По тому, как капитан, расправив плечи, пошел к площади легкой походкой, было понятно, что он обрадован предстоящим маршем, и Заварухин, глядя вслед комбату, укрепился в своем решении и направился к штабной избе, чтобы сейчас же выслать разведку по пути отхода.
Всю штабную избу разволокло снарядами: крышу сбило, наличники сорвало, палисадник, кусты в нем, ворота, заборы, рамы в окнах – все изломано, иссечено осколками и пулями, смято, перемешано. Навстречу командиру выбежал старший лейтенант Писарев, все такой же бравый, с крепкой красивой шеей и круглым розовым лицом, словно он, собранный и подтянутый, среди этого развала и кутерьмы хранился где-то в футляре. Если бы Заварухин не вел разговоров с ним по телефону во время боя, то мог бы подумать, что старший лейтенант отсиживался где-нибудь в тихом уголке.

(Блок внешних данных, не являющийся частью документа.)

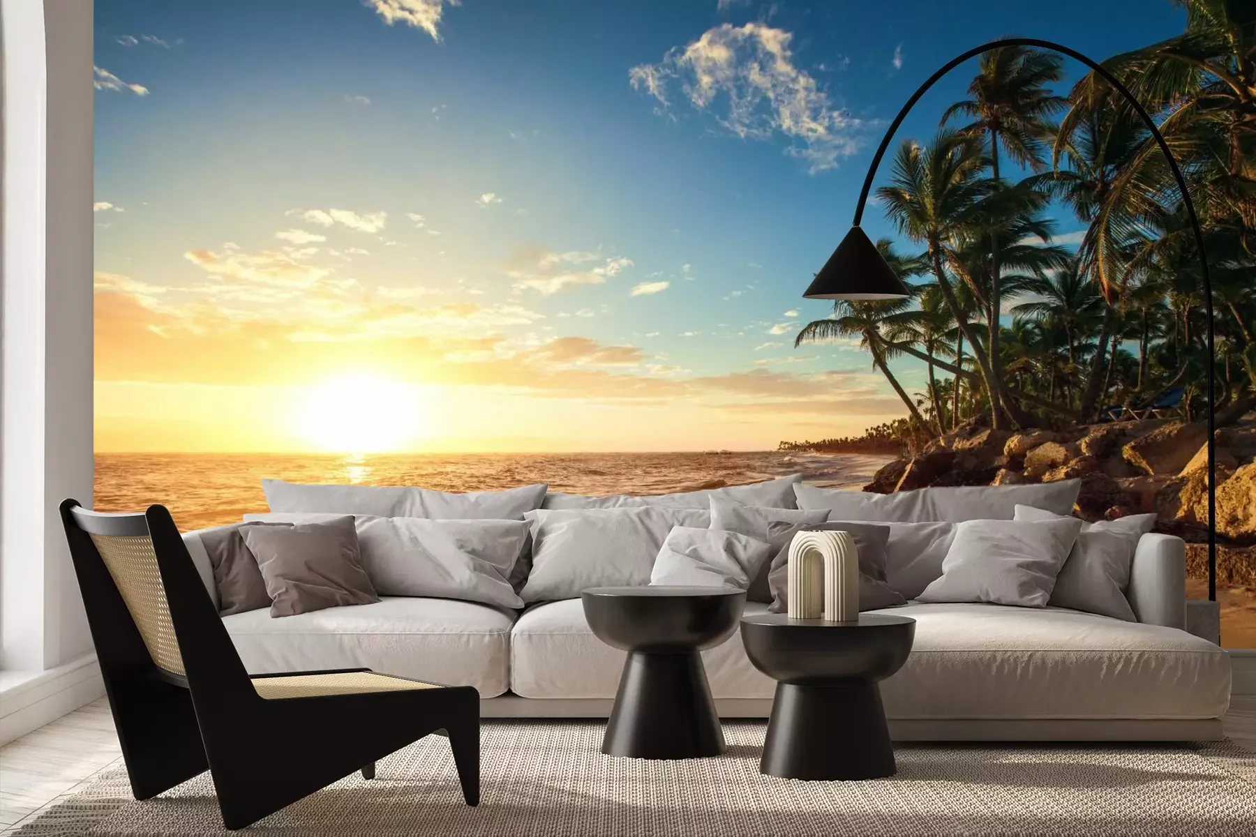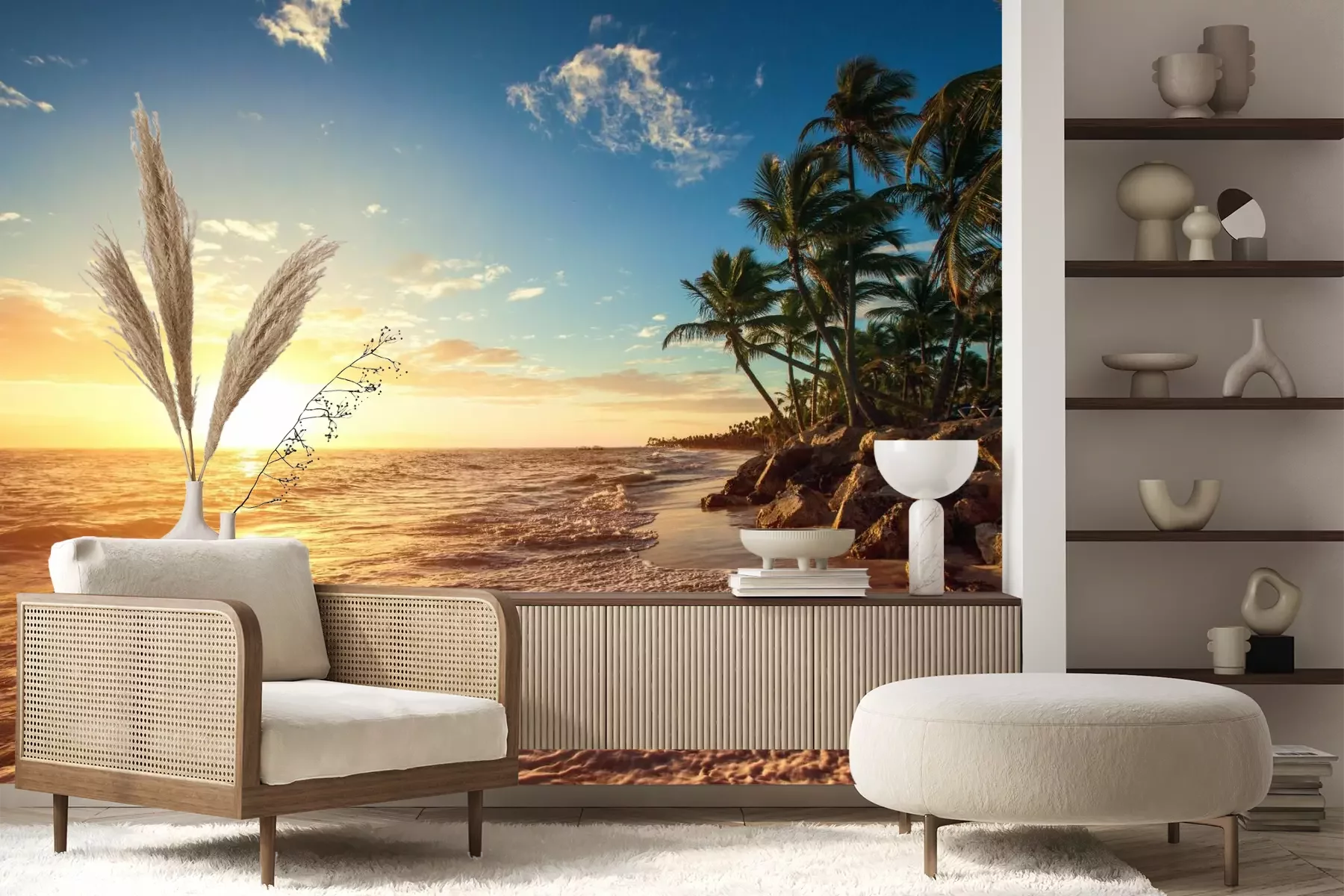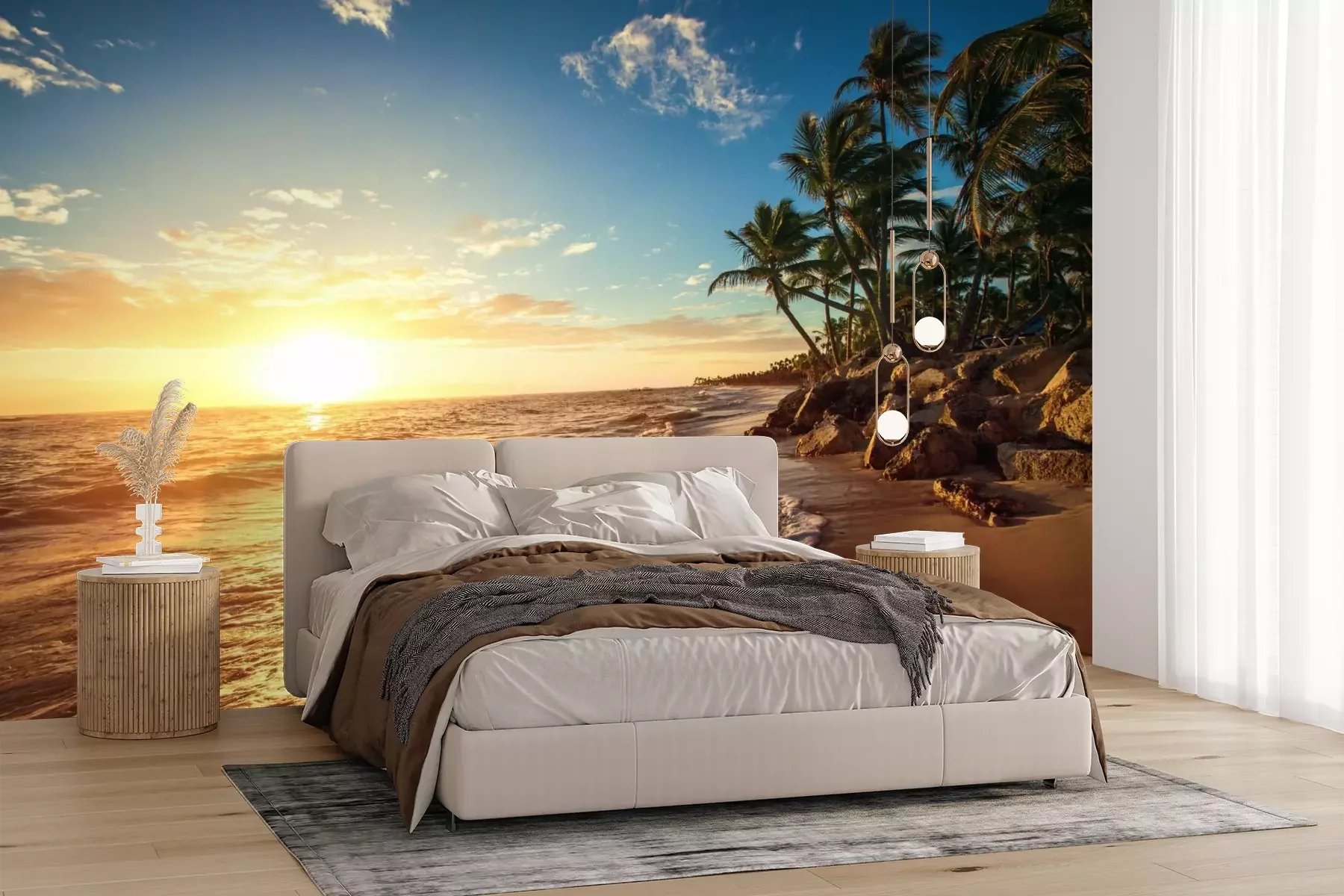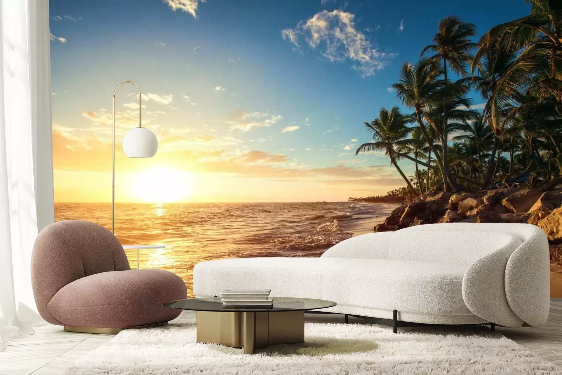 Strand zee en tropische bomenFotobehang

– Штаб, товарищ подполковник, перевели пока в сарай, – доложил Писарев. – Я дал распоряжение комендантскому взводу рыть блиндажи.
– Отменить распоряжение. Вызовите комбатов и начальников служб. Соберите сведения о потерях. И наших, и его.
– Есть! – Писарев повернулся и пошел впереди подполковника, выбирая для него дорогу среди хлама, воронок, ячеек и окопчиков, наковырянных солдатами. Глянув на помначштаба сзади, Заварухин увидел, что шинель и гимнастерка на его правом плече порваны, а в дыре белеет нательная рубаха. И вообще, со спины Писарев не был розовым молодцом: правое плечо у него было нездорово опущено и сам он шел как-то боком.
– Ты ранен, никак?
– Да вот, товарищ подполковник, – начал говорить Писарев, остановившись и пропуская вперед Заварухина – до сарая уже осталось несколько шагов, – зацепило осколком. Вскользь как-то. А рука занемела. Ваш ординарец Минаков говорит: спиртом натереть надо…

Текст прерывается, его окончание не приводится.